A Calcium-Regulated Gatekeeper in Phloem Sieve Tubes

Nancy A Eckardt
PMCID: PMC1464708  PMID: 11340176

The phloem is a highly specialized long distance transport tissue in vascular plants. Despite detailed knowledge of the development and ultrastructure of phloem tissue in a wide variety of plant species, surprisingly little is known about the mechanisms and regulation of phloem transport. The main function of the phloem is transport of the immediate products of photosynthesis (e.g., sugars) from “source” tissue (actively photosynthesizing leaves) to “sink” tissue (immature leaves, growing root tips, and developing flowers, fruit, and seed). It is sometimes overlooked that a wide variety of other material is also transported through the phloem, including proteins, amino acids, solutes, viruses, and various signaling molecules.

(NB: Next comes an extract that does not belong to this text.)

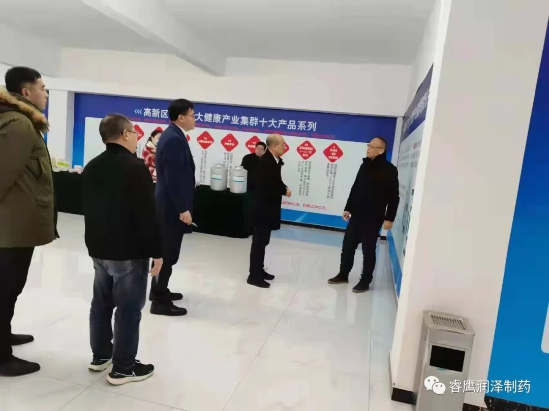 2022年1月15日,山東互聯網醫保大健康集團有限公司董事長廖遠杰一行蒞臨菏澤市高新區了未元大健康產業園深入開展考察、調研工作,菏澤市委常委、常務副市長王磊,菏澤市政府黨組成員、高新區黨工委書記郭保存,睿鷹集團總裁彭繼先,了未元制藥總經理周大錚,睿鷹集團總裁助理曾凡洪陪同調研。 在中藥“一人一方”智能制造車間展廳,彭總向廖遠杰董事長一行詳細介紹了睿鷹集團產業轉型升級、了未元大健康產業布局、中醫藥“一人一方”遠景規劃、生物醫藥全產業鏈智能制造共享平臺打造、一致性評價產品過評、新藥研發及人才引進及隊伍建設等情況,并陪同廖董一行進入車間實地參觀車間建設、運營情況。

PHLOEM STRUCTURE AND FUNCTION

All students of plant physiology are familiar with the mass flow concept of phloem transport. According to this concept, the transport of materials through phloem sieve tubes is passive, nonselective, and driven entirely by pressure gradients that are maintained by active loading of photosynthate in source tissue and unloading of materials in sink tissue.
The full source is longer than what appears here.